— Instructions for the task —
All entries are to be copied exactly, with pictures removed.
━━ Working data
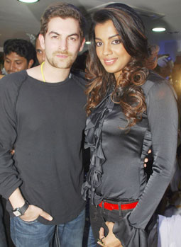 الممثلة الهندية موجهدا جودسي والممثل نيل نيتين موكيش يشاركان في حفل ترويجي لفيلمهما الجديد (Jail) أقيم في موبياي. |
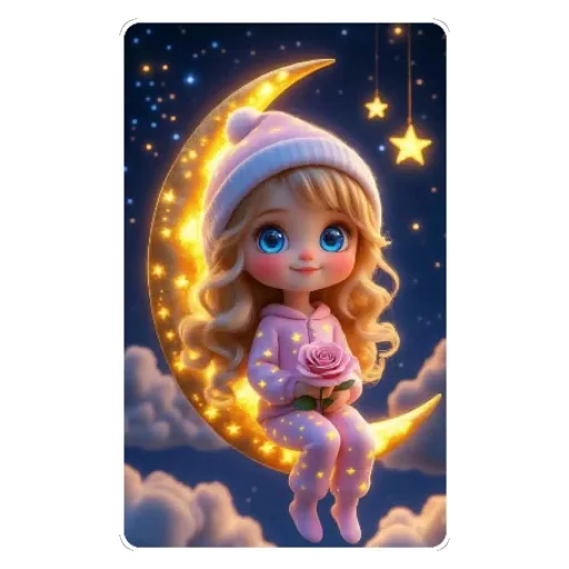Menina fofa sentada na lua com um gorro branco, vestindo roupa rosa, com estrelas e nuvens ao fundo.
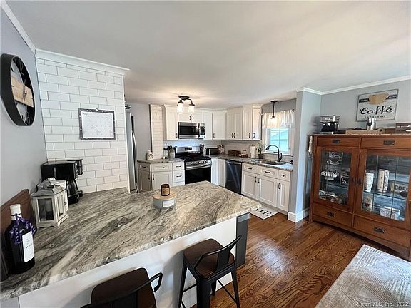 Welcome to 127 Coleman Road in Wethersfield! This home is loaded with charm, tastefully updated, and boasts the pride of ownership. New double wide driveway, beautifully landscaped, a front entryway with a field-stone facade, and stone walkways. Entering the home you are greeted with a functional mudroom and formal living room which has newly refinished hardwood floors. The kitchen is open and has been totally remodeled with shaker cabinets, stainless steel appliances, extra large kitchen sink, granite countertops, and a breakfast bar, which makes this a perfect kitchen for entertaining. The enormous family room ties everything together and is appointed with wood flooring, vaulted ceilings, exposed wood beams, tons of natural lighting, sliding glass doors leading to the deck/backyard, and has access to the first floor laundry and half bath. The large rear deck offers the perfect location for entertaining and relaxing and overlooks the cleared, level, and large fenced-in backyard! The Second Floor of this home offers 3 bedrooms and a remodeled full bathroom. ADDITIONAL FEATURES INCLUDE: Gas Heat, gutter guards, new and refinished hardwood floors (2019), fenced in yard, remodeled laundry room and kitchen (2019), and bathrooms, vinyl windows, and newer brick walkway. Close to everything, including fine dining and shopping on the Silas Deane Highway, just minutes from Old Wethersfield, and 15 minutes from Downtown Hartford. Available September 15!
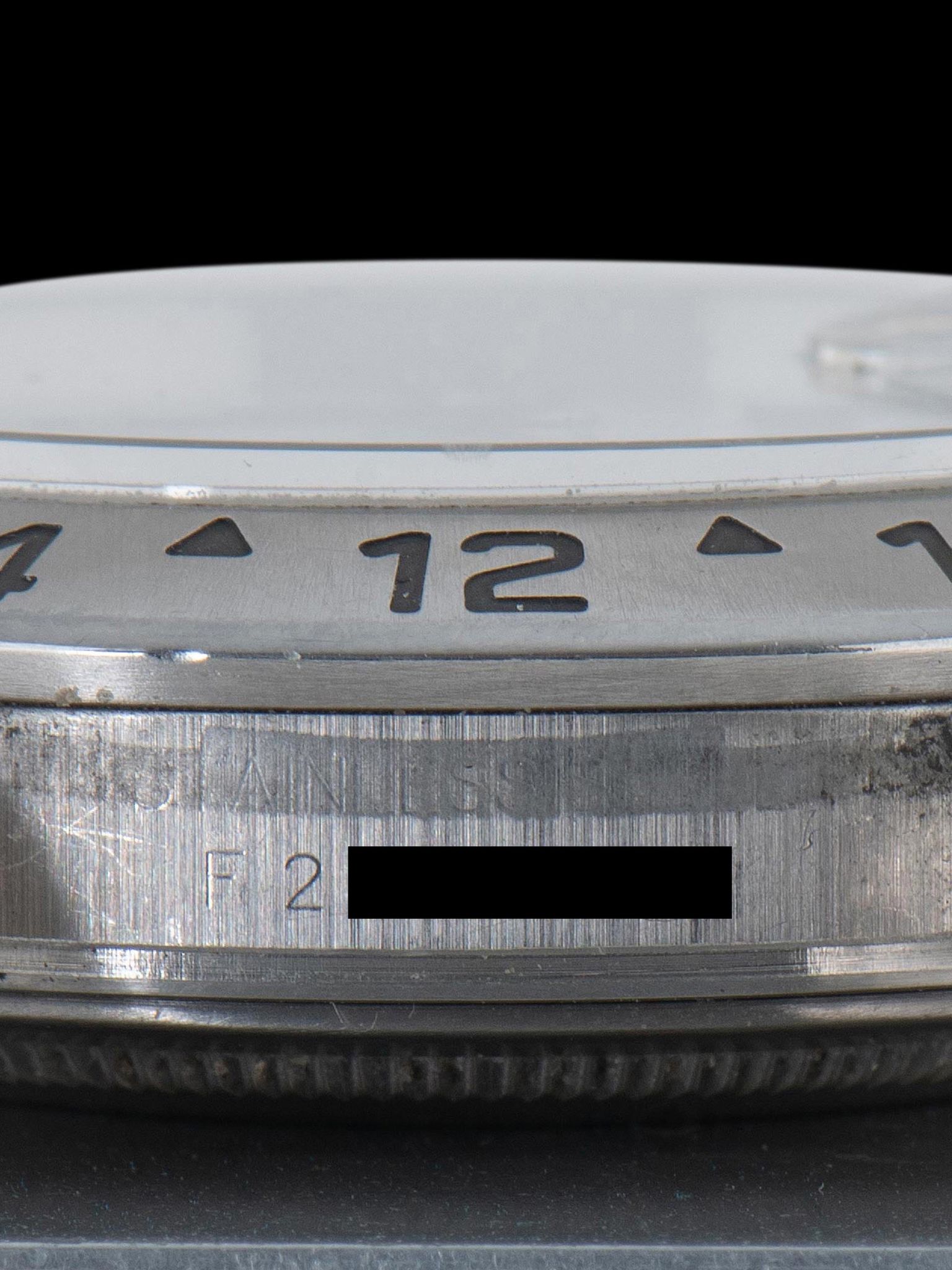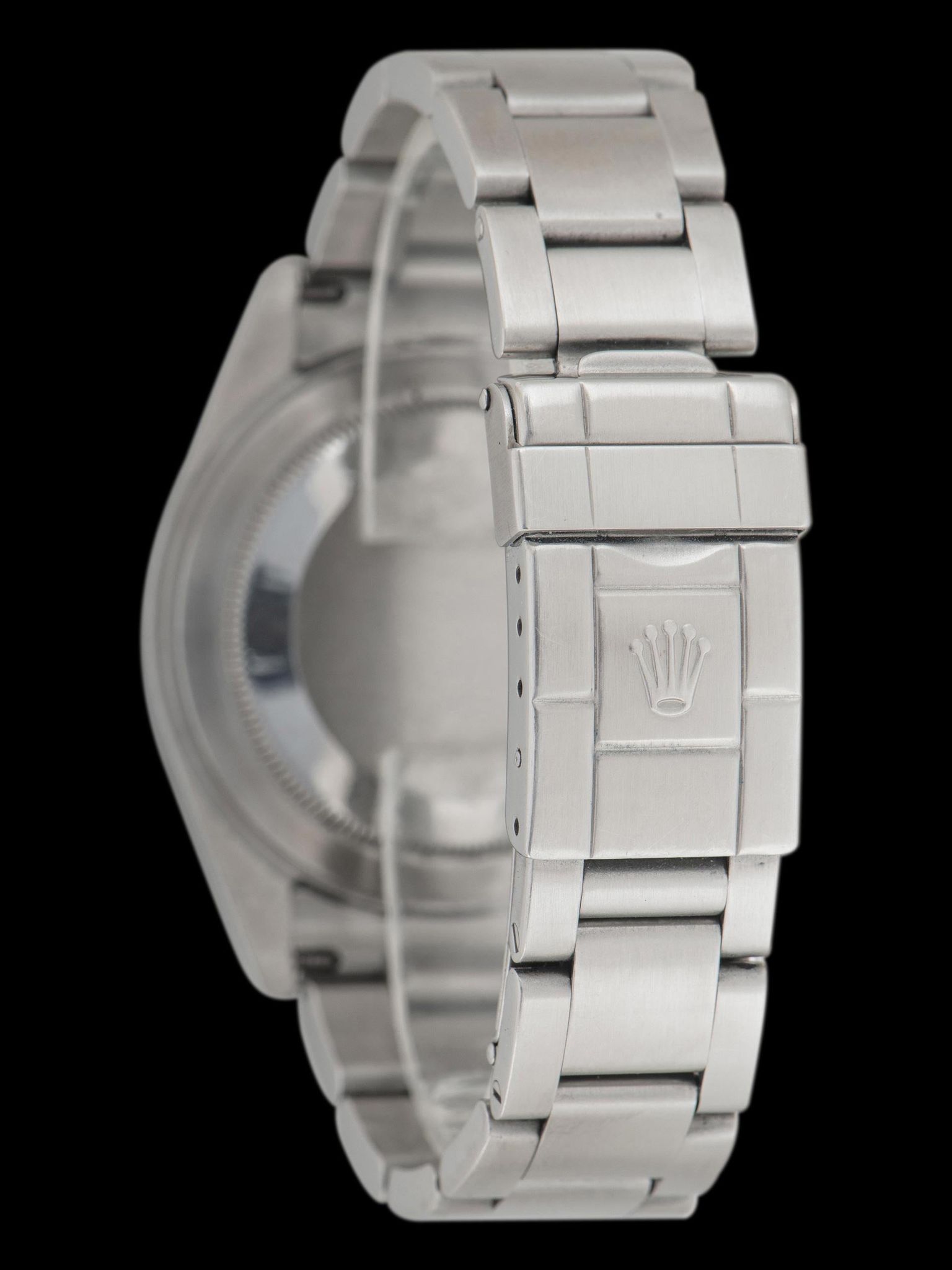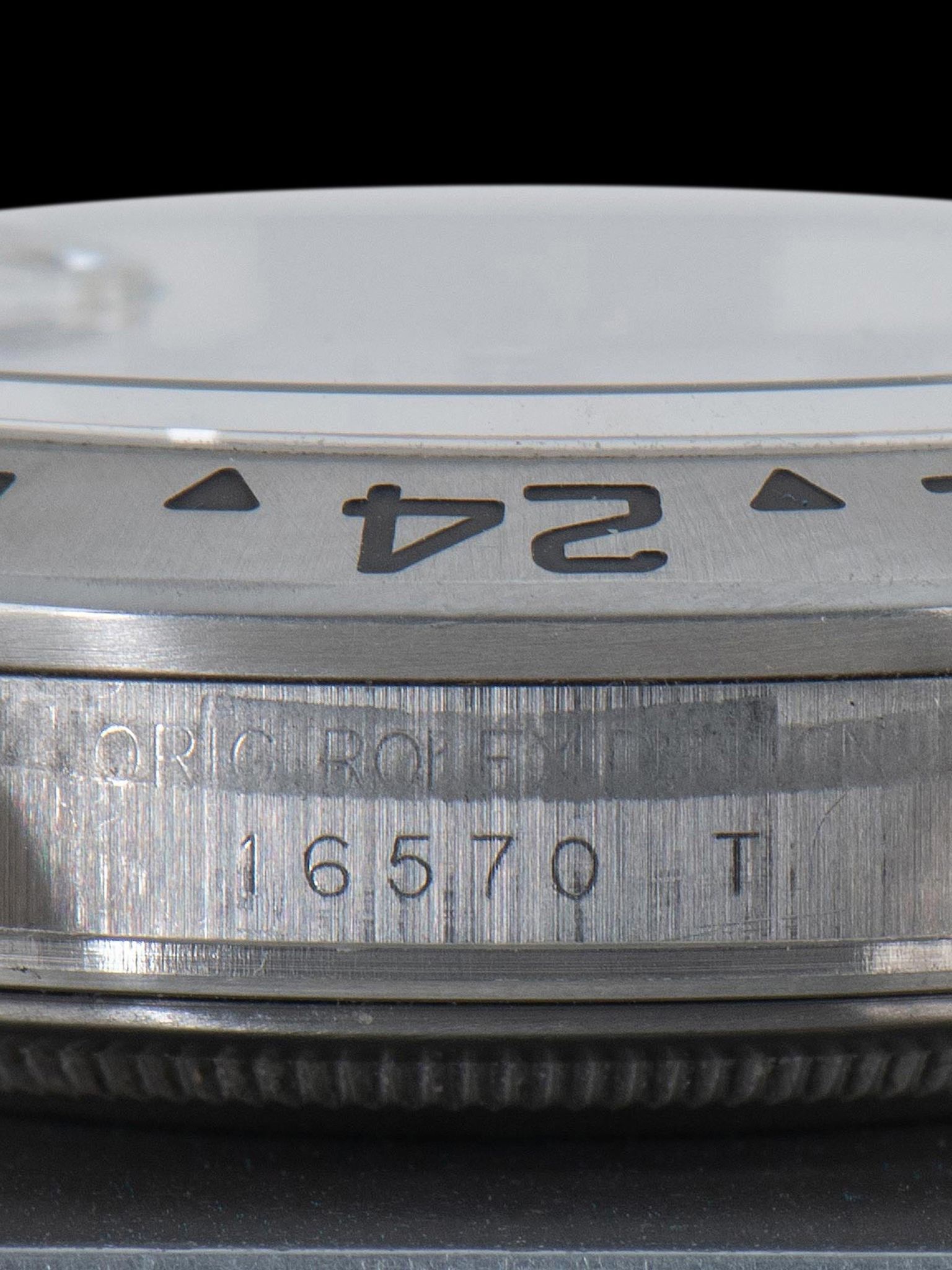The strong "no-holes" case retains very thick and symmetrical lugs that maintain subtle chamfers and show gentle wear with signs of very minimal polishing in the past. The fixed 24-hour stainless steel bezel is in excellent condition retaining all of its factory black enamel with light signs of use and previous polishing. The original Rolex 78790 Oyster bracelet with solid end pieces retains 11 links that show minimal stretch and will fit up to a 7.25-inch wrist.
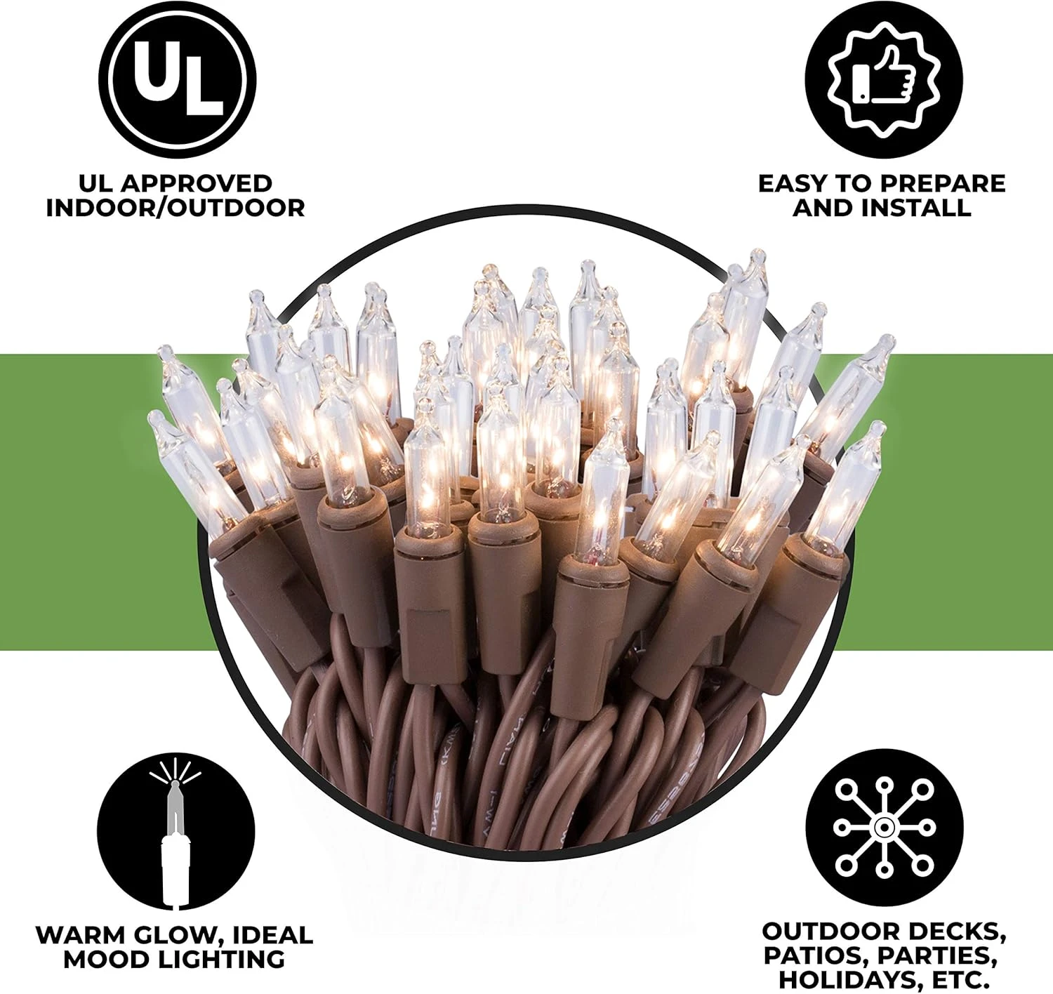- 100 Clear Lights on a brown cord, UL Approved for indoor and outdoor use
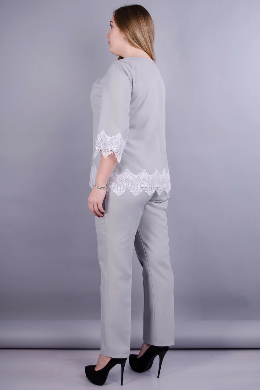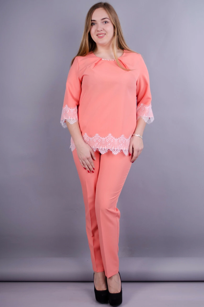 Брючні двійки зараз на піку популярності, а костюм Тей - ідеальне поєднання краси і зручності. Кофточка з рукавом 3/4, прикрашена набивними намистинами і мереживом. Штани на резинці і зі стрілками, що візуально подовжує ноги. Незамінна річ в гардеробі сучасної ділової жінки! Різноманітність кольорів і відтінків здивує і порадує навіть найвибагливіших пані. Відмінний варіант як для офісного стилю,так і в якості святкового костюма, для особливого випадку. Оригінальна і стильна альтернатива ошатній сукні.
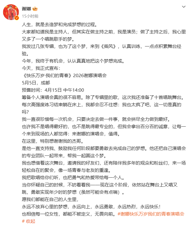 4月11日,谢娜在《乘风2026》直播中官宣开演唱会。随后,@谢娜发长文回应:筹备个人演唱会真的很不容易。除了专辑里的歌,这次我还准备了十首唱跳舞台。也许我不是唱得最好的,也不是跳得最专业的,但我会拿出百分百的诚意,让每一个来到现场的人都觉得:来谢娜的演唱会,值得。
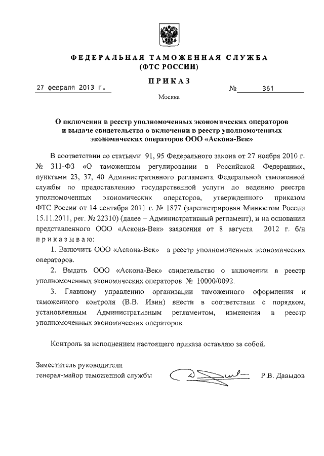"О ВКЛЮЧЕНИИ В РЕЕСТР УПОЛНОМОЧЕННЫХ ЭКОНОМИЧЕСКИХ ОПЕРАТОРОВ И ВЫДАЧЕ СВИДЕТЕЛЬСТВА О ВКЛЮЧЕНИИ В РЕЕСТР УПОЛНОМОЧЕННЫХ ЭКОНОМИЧЕСКИХ ОПЕРАТОРОВ ООО "АСКОНА-ВЕК"
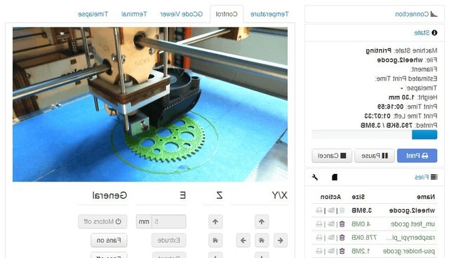 OctoPrint是一款轻量化的软件,用来管理用户的3D打印机,允许用户通过Web浏览器和移动设备控制监控打印机的状态。OctoPrint可以安装在Raspberry Pi系统上,用户可以自由扩展,例如带有网络摄像头和插件。
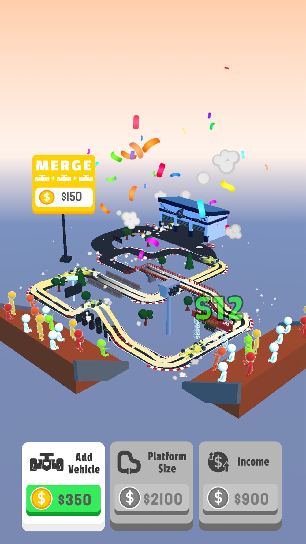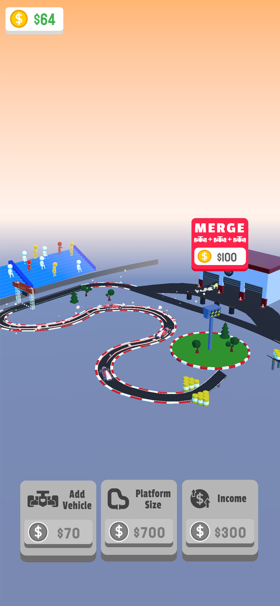 Merge three cars of the same level and get a better car at the pitstop. Remember, advanced tools bring more profit.
━━━━
— Exercise response —
 الممثلة الهندية موجهدا جودسي والممثل نيل نيتين موكيش يشاركان في حفل ترويجي لفيلمهما الجديد (Jail) أقيم في موبياي. |
Menina fofa sentada na lua com um gorro branco, vestindo roupa rosa, com estrelas e nuvens ao fundo.
 Welcome to 127 Coleman Road in Wethersfield! This home is loaded with charm, tastefully updated, and boasts the pride of ownership. New double wide driveway, beautifully landscaped, a front entryway with a field-stone facade, and stone walkways. Entering the home you are greeted with a functional mudroom and formal living room which has newly refinished hardwood floors. The kitchen is open and has been totally remodeled with shaker cabinets, stainless steel appliances, extra large kitchen sink, granite countertops, and a breakfast bar, which makes this a perfect kitchen for entertaining. The enormous family room ties everything together and is appointed with wood flooring, vaulted ceilings, exposed wood beams, tons of natural lighting, sliding glass doors leading to the deck/backyard, and has access to the first floor laundry and half bath. The large rear deck offers the perfect location for entertaining and relaxing and overlooks the cleared, level, and large fenced-in backyard! The Second Floor of this home offers 3 bedrooms and a remodeled full bathroom. ADDITIONAL FEATURES INCLUDE: Gas Heat, gutter guards, new and refinished hardwood floors (2019), fenced in yard, remodeled laundry room and kitchen (2019), and bathrooms, vinyl windows, and newer brick walkway. Close to everything, including fine dining and shopping on the Silas Deane Highway, just minutes from Old Wethersfield, and 15 minutes from Downtown Hartford. Available September 15!
The strong "no-holes" case retains very thick and symmetrical lugs that maintain subtle chamfers and show gentle wear with signs of very minimal polishing in the past. The fixed 24-hour stainless steel bezel is in excellent condition retaining all of its factory black enamel with light signs of use and previous polishing. The original Rolex 78790 Oyster bracelet with solid end pieces retains 11 links that show minimal stretch and will fit up to a 7.25-inch wrist.
- 100 Clear Lights on a brown cord, UL Approved for indoor and outdoor use
 Брючні двійки зараз на піку популярності, а костюм Тей - ідеальне поєднання краси і зручності. Кофточка з рукавом 3/4, прикрашена набивними намистинами і мереживом. Штани на резинці і зі стрілками, що візуально подовжує ноги. Незамінна річ в гардеробі сучасної ділової жінки! Різноманітність кольорів і відтінків здивує і порадує навіть найвибагливіших пані. Відмінний варіант як для офісного стилю,так і в якості святкового костюма, для особливого випадку. Оригінальна і стильна альтернатива ошатній сукні.
 4月11日,谢娜在《乘风2026》直播中官宣开演唱会。随后,@谢娜发长文回应:筹备个人演唱会真的很不容易。除了专辑里的歌,这次我还准备了十首唱跳舞台。也许我不是唱得最好的,也不是跳得最专业的,但我会拿出百分百的诚意,让每一个来到现场的人都觉得:来谢娜的演唱会,值得。
"О ВКЛЮЧЕНИИ В РЕЕСТР УПОЛНОМОЧЕННЫХ ЭКОНОМИЧЕСКИХ ОПЕРАТОРОВ И ВЫДАЧЕ СВИДЕТЕЛЬСТВА О ВКЛЮЧЕНИИ В РЕЕСТР УПОЛНОМОЧЕННЫХ ЭКОНОМИЧЕСКИХ ОПЕРАТОРОВ ООО "АСКОНА-ВЕК"
 OctoPrint是一款轻量化的软件,用来管理用户的3D打印机,允许用户通过Web浏览器和移动设备控制监控打印机的状态。OctoPrint可以安装在Raspberry Pi系统上,用户可以自由扩展,例如带有网络摄像头和插件。
 Merge three cars of the same level and get a better car at the pitstop. Remember, advanced tools bring more profit.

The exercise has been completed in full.